BRIEF
The lines from the one containing "- 右上のアイコンをクリック→[登録した本の編集]を選択" through the final line of the listing below are what the answer must repeat, exactly and only, leaving pictures out.

SUPPLIED INFORMATION
· · · · · · ·
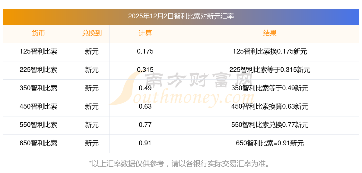 南方財富網(wǎng)為您提供智利比索對新元匯率最新價格詳情。
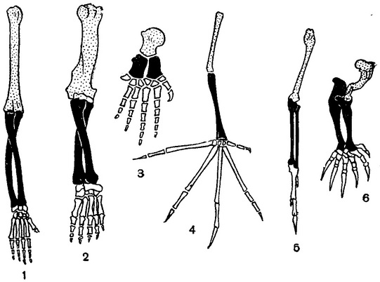 Рис. 9. Скелети передніх кінцівок різних хребетних тварин і людини (саморобна таблиця):
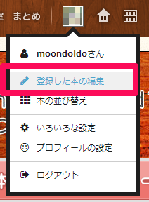 - 右上のアイコンをクリック→[登録した本の編集]を選択
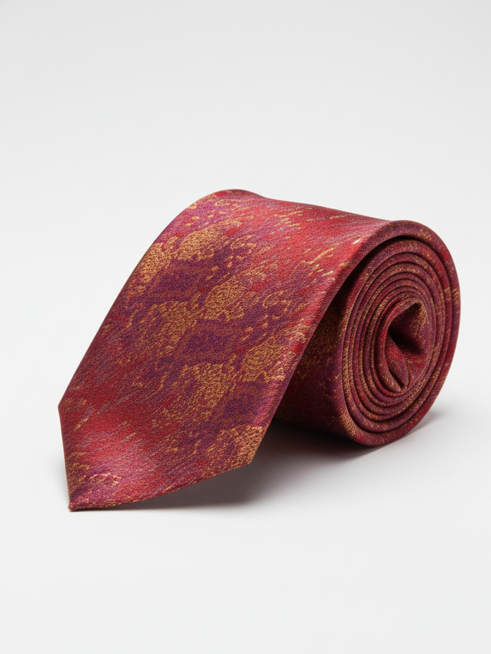 Make a bold yet refined statement with this red art silk tie adorned with intricate blue and golden patch work. Crafted from premium art silk, it offers a smooth, silk-like finish that is both durable and easy to maintain.
· · · · · · ·
TASK RESPONSE
 - 右上のアイコンをクリック→[登録した本の編集]を選択
 Make a bold yet refined statement with this red art silk tie adorned with intricate blue and golden patch work. Crafted from premium art silk, it offers a smooth, silk-like finish that is both durable and easy to maintain.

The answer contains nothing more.